La UNR otorgó el título de Doctor Honoris Causa al Cardenal Cláudio Hummes

La ceremonia se realizó de manera virtual y se transmitió desde el canal de YouTube de la universidad. El Doctorado Honoris causa es la máxima distinción académica que otorga una Casa de Altos Estudios. El texto completo de su discurso a continuación:

Discurso del Cardinal Dom Cláudio Hummes, por ocasión de la recepción del título Honoris Causa de la Universidad Nacional de Rosario (Argentina) en el 17 de junio de 2021. 

Tengo un grato recuerdo de mi primera visita a la Universidad Nacional de Rosario. Fue en el Año 2015. El Santo Padre Papa Francisco me había presentado a Luis Liberman, del actual Instituto para el Dialogo y la Cultura del Encuentro, porque Liberman tenía una actividad en la Universidad de Rosario para la cual había pedido al Papa la participación de un representante de la Iglesia. 

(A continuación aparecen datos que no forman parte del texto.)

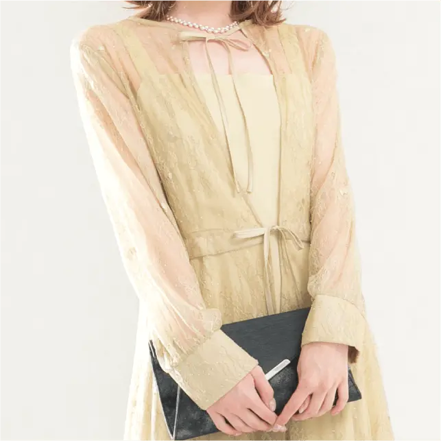 リリアージュで特に人気なのが、プロのスタイリストがコーディネートした「ドレス・羽織り・ネックレス・バッグ」の4点セットや3点セットです。届いたものをそのまま着るだけで、マナーも流行も押さえた完璧なスタイルが完成します。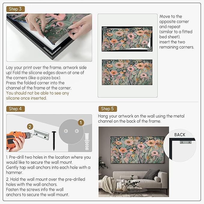 - Assembly Required: The artwork comes with the frame components unassembled. Don’t worry — setup is straightforward and tool-friendly. For best results and accurate alignment, we recommend two people to ensure a smooth assembly and a stable, secure wall mount.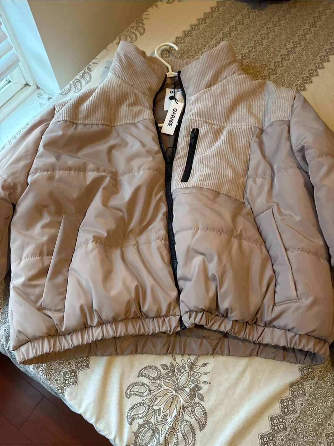 Cozy Garage puffer jacket in a lovely neutral colour! It's a size small and in great condition. Perfect for staying warm and stylish during the cooler months!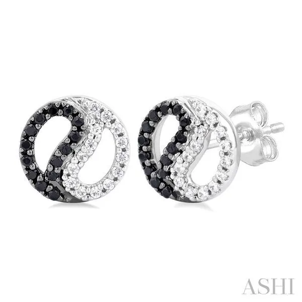 (319) 752-31961/5 Ctw Petite Yin Yang Black & White Round Cut Diamond Fashion Stud Earring in 10K White Gold

En esa oportunidad, aquí en Rosario, nos reunimos también en la sede del Sindicato de Comercio. Allí, conversamos sobre las nuevas contribuciones que el Papa Francisco estaba incorporando a la doctrina social de la Iglesia. En esta conversación con los sindicalistas, yo pensaba haber comprendido también que era exactamente el “justicialismo”… aunque también me dijeron que eso… no era. Tampoco Jorge Luis Borges lo entendió, me dijo alguien… 

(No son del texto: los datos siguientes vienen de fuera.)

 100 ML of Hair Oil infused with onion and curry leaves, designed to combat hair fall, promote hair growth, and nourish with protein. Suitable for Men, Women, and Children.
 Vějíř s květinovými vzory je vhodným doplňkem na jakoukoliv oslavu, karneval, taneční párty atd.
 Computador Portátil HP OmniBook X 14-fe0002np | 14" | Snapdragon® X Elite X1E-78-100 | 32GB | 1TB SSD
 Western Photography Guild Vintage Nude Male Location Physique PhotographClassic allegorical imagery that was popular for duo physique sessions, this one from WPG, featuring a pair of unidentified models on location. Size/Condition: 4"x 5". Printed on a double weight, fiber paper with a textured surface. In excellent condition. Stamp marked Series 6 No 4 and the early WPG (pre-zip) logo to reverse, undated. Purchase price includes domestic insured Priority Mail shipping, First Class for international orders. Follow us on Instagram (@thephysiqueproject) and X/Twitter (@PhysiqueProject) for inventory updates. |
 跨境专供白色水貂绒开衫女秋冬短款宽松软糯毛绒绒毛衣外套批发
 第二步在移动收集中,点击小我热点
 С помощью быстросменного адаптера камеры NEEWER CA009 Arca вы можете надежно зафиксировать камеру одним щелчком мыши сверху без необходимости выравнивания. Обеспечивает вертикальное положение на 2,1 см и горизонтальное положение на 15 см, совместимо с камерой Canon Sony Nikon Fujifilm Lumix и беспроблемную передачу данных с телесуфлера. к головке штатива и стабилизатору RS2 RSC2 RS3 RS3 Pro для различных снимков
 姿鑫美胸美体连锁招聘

Hoy la Universidad me honra con el Doctorado Honoris Causa, la máxima distinción que una Casa de Altos Estudios puede brindar. Y les digo: No creo ser merecedor de tal distinción. Más bien me siento aquí con ustedes representando a las voces de los pueblos amazónicos. De los hombres, mujeres, niños y niñas de los pueblos originarios, de las riberas, de las zonas vulnerables de las grandes ciudades de la Amazonia. 

La Amazonia es determinante para nuestro planeta. Es una región que comparte con el planeta su aire, su agua, su cultura, su belleza y su función de equilibrio ecológico. Es también el lugar donde suceden los mayores desafíos sociales y ambientales, la depredación sistemática del bioma, la minería ilegal, el envenenamiento del agua y la explotación económica cruel de los más frágiles. 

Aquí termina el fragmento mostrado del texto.